The use of Ketogenic diets (high fats/low carbs), in prevention or in treatment of cancer is supported by our present hypothesis due to the following reasons:

1)         High carbohydrate diets cause greater sympathetic nervous system activation while fat ingestion does not result in any appreciable changes;[20]

2)         High carbohydrate diets may increase significantly the activity of serum lactate;[21]

3)         The Ingestion of monosaccharides (simple sugars like glucose, fructose and galactose) may have the effect to raise blood lactic acid with this increase being most marked and lasting longest after fructose, that is largely used today as sweetener in soft drinks, fruit punches, pastries and processed foods.[22,23]

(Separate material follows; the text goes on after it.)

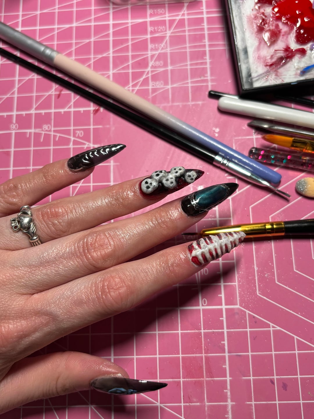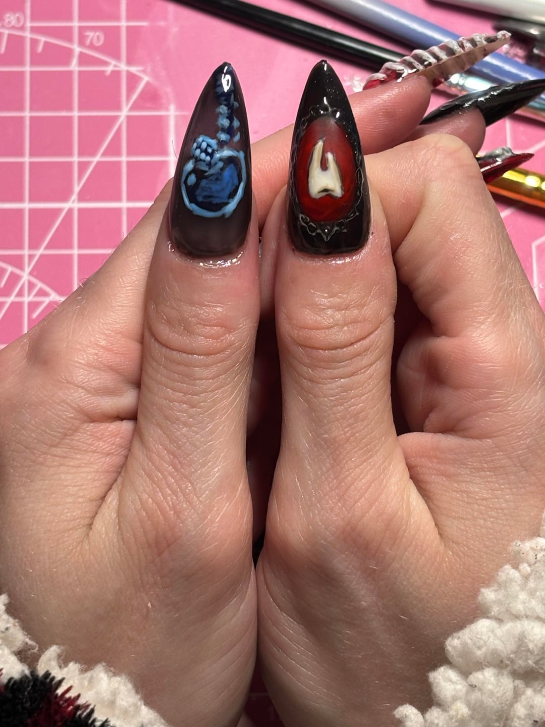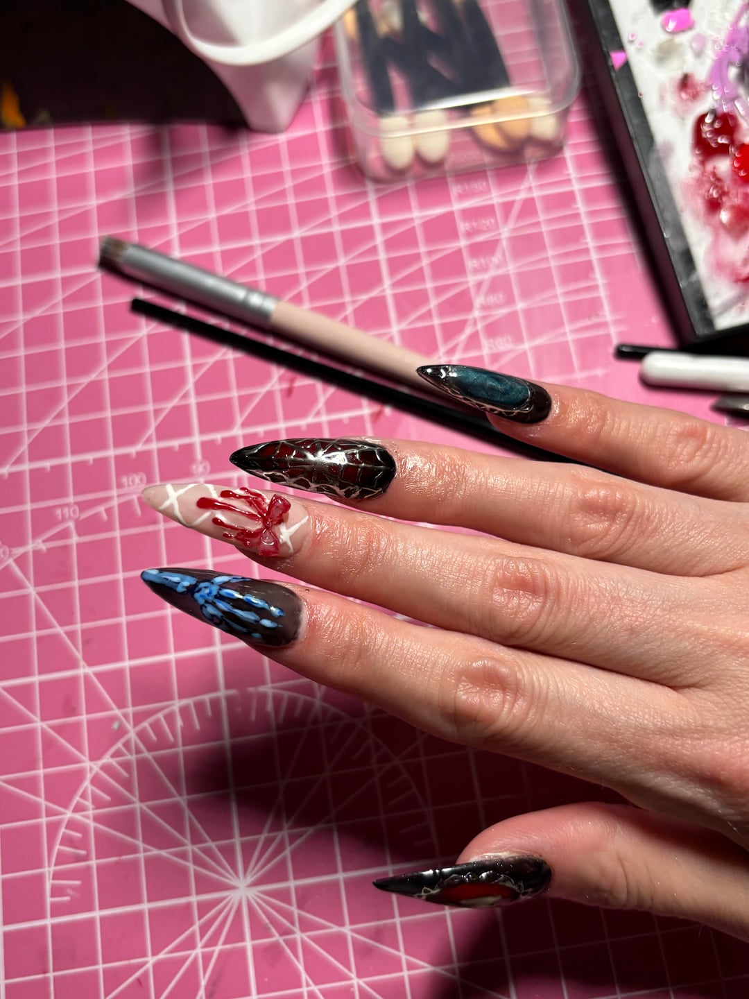 Also some pics of my recent set cause I’m proud of them 🥲. You can see the thumbs don’t really fit but that’s the largest tip size in the box.

Melanie Schmidt and colleagues, in their clinical study about ketogenic diet from 2011,[24] share with us some old but important information about carbohydrates and cancer:
“Since 1885, when E Freund observed that patients with malignant disease can develop spontaneous hyperglycaemia, there has been episodic interest in the association of the altered glucose metabolism with the path of nutrition and neoplasia in man. As early as 1924, Händel and Tadeuma summarized the findings in those days as: ‘a diet rich in carbohydrates has a pronounced stimulating impact on tumour growth’.”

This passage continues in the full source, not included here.